I recently planted several purple Salvia plants that have completely faded from beautiful, bright purple to beige. It has been really hot and dry and I've been watering them in clay soil once to twice a day. Is it possible that I'm overwatering them? Or do they need even more water since they were just planted?

View Answer:

I'm not sure what type of Salvia you are growing, but it is possible you are overwatering them. The heavy clay soil combined with watering 1-2 times daily sounds like too much for a plant that is drought-tolerant once established. To learn more about growing ornamental salvias, see this University of California, Davis Arboretum Review, #44, Fall 2003 article, "Salvias for Every Garden" by Ellen Zagory.
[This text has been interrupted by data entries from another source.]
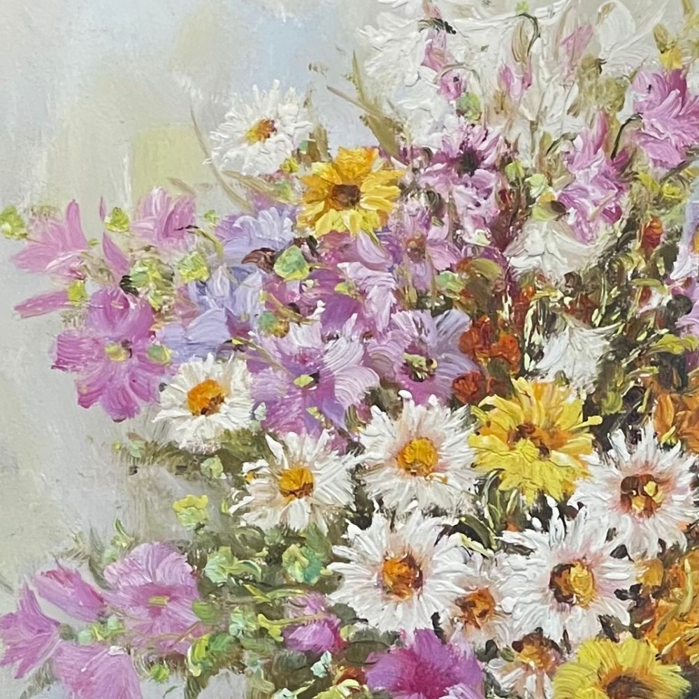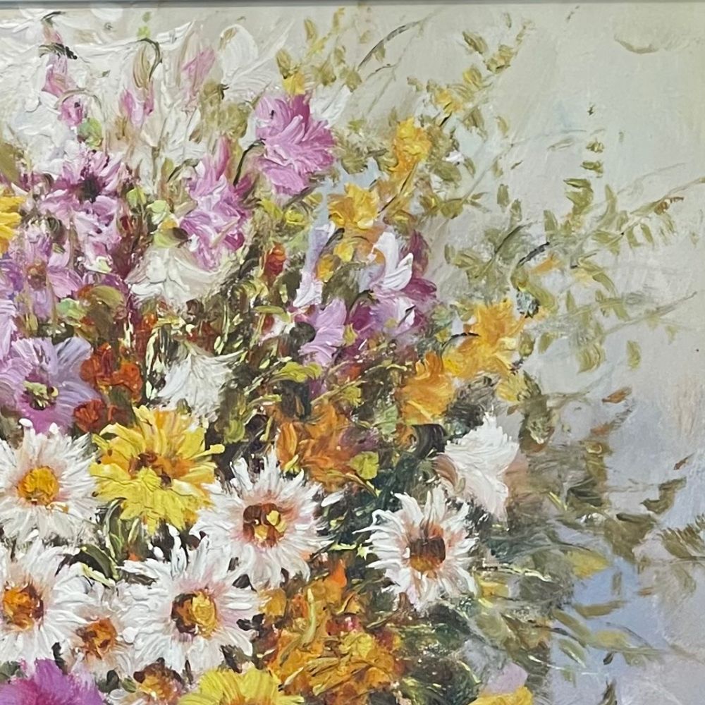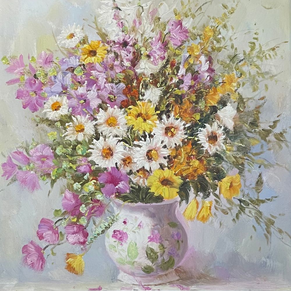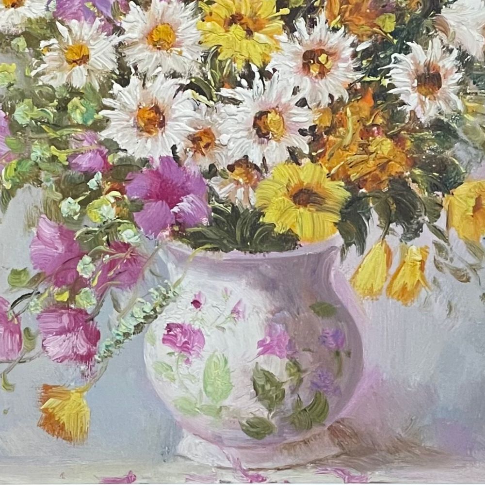 Bức tranh sơn dầu hoa cúc là một tác phẩm nghệ thuật tuyệt đẹp, thể hiện vẻ đẹp tinh tế và ý nghĩa cao quý của loài hoa này. Bức tranh vẽ một bình hoa cúc với những bông hoa nở rộ rực rỡ, khoe sắc thắm dưới ánh nắng vàng ấm áp. Những cánh hoa cúc trắng tinh khôi, mỏng manh như những cánh bướm trắng đang bay lượn trong gió.
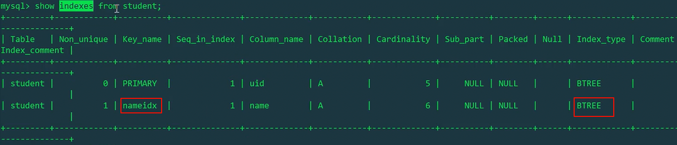 1 | CREATE INDEX nameidx ON student(name); |
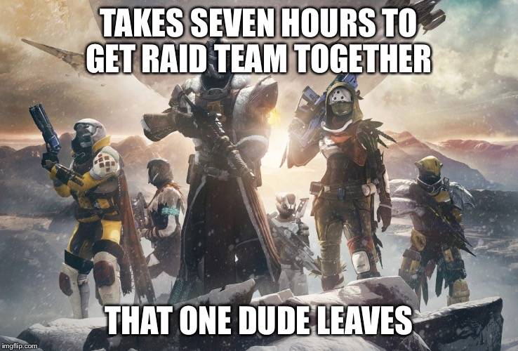 Everyone knows the person we're talking about. You spend seven hours waiting and communicating with your clan or group, trying to gather enough members and complimenting roles to tackle a raid. Everything seems to be going well but right before you jump in, "that person" bails. It's happened to all of us at least once or twice (or maybe we've been unfortunately forced to be "that person"). Whatever the reason or issue, it can put a downright damper on a Raid run. If you're lucky enough to find a replacement that understands the Raid quickly then you're golden, but sometimes you're forced to pull a random, which is like rolling the dice on whether you end up with a helpful teammate that wants to learn or a lone wolf that has "all the answers."
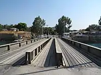 To the west of the Isthmus is the Gulf of Corinth, and to the east the Saronic Gulf. Since 1893 the Corinth Canal has run through the 6.3 km (3.9 mi) wide isthmus, effectively making the Peloponnese an island. Today, two road bridges, two railway bridges and two submersible bridges at both ends of the canal connect the mainland side of the isthmus with the Peloponnese side. Also a military emergency bridge is located at the west end of the canal.
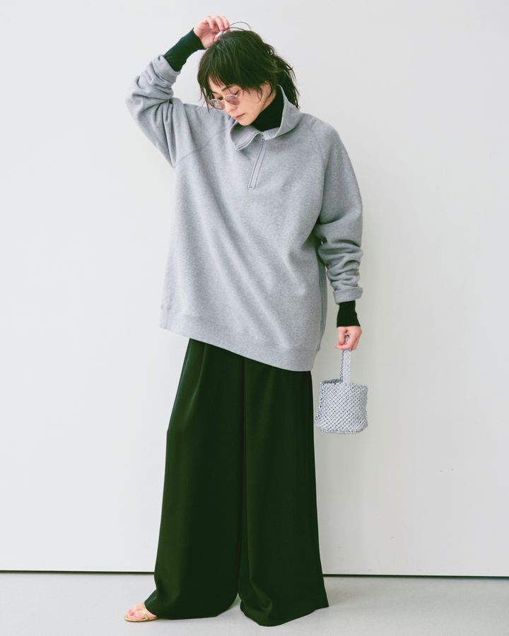 スエット※ユニセックス[SIZE:XL]¥30,800(エイトンステイプルズ)、タートルネックニット¥35,200(ヨー ビオトープ)、パンツ¥31,900(ハイク/ボウルズ)、サングラス¥48,400(アイヴァン/アイヴァン 東京ギャラリー)、バッグ¥8,690(バグマティ/スティーブン アラン シンジュク)、サンダル¥59,400(ネブローニ)
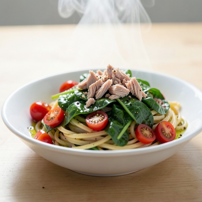 Massa Integral com Atum, Tomate Cereja e Espinafres Salteados
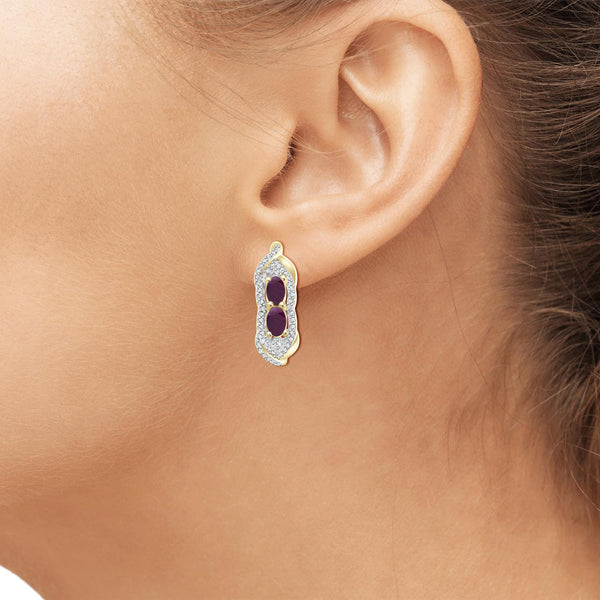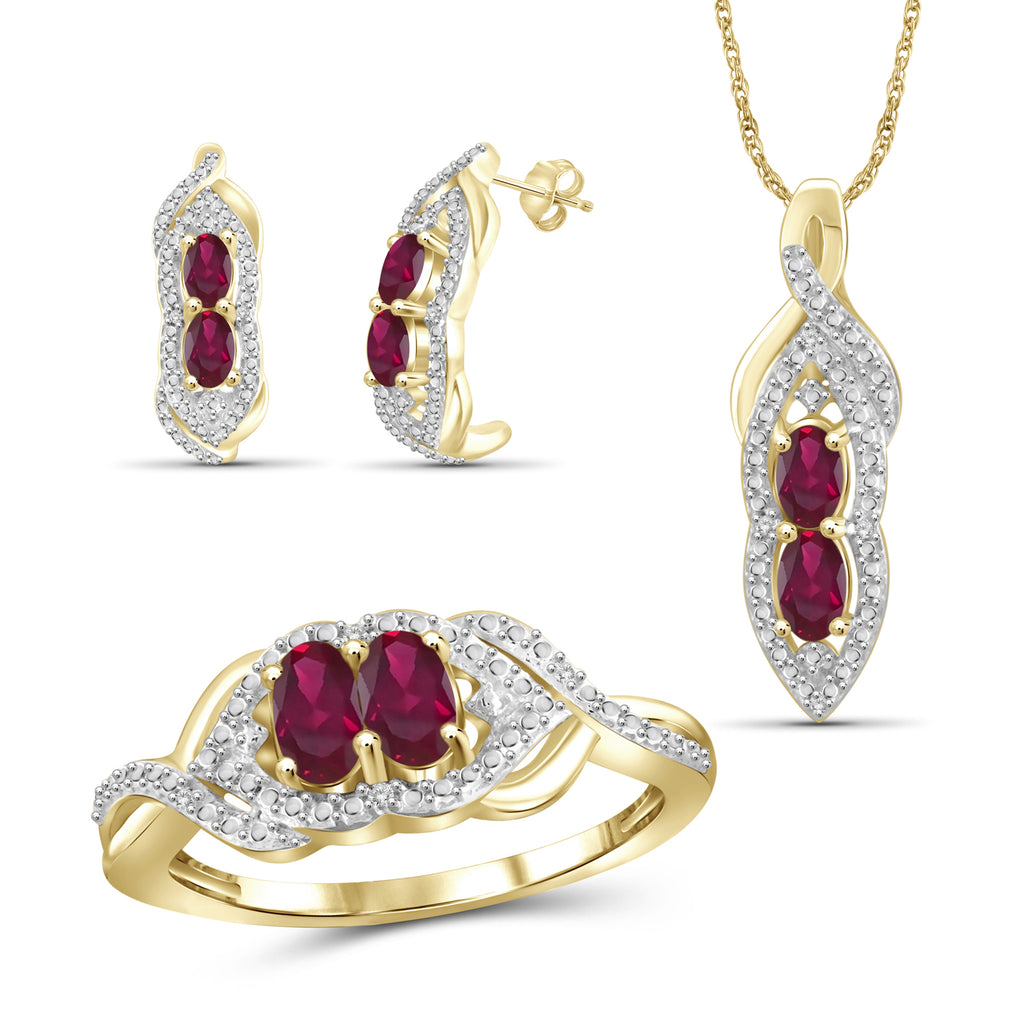 2.00 Carat T.G.W. Ruby And White Diamond Accent 14K Gold-plated 3-Piece Jewelry set

I would suggest watering less often, but watering more deeply, and possibly mulching around the plants. Some xeriscaping resources suggest using gravel, and it is mentioned in this document from New Mexico State University Extension, "Landscape Water Conservation: Principles of Xeriscape" by Curtis Smith, with the caution that although "some plants native to very well drained soils grow better in gravel mulches [...] rock mulch becomes very hot in our climate and can injure or limit growth of some plants. Ultimately, the mulch should be shaded by landscape plants that will provide environmental cooling. Using gravel mulch alone as a landscape element may result in increased home cooling bills and require greater weed control efforts."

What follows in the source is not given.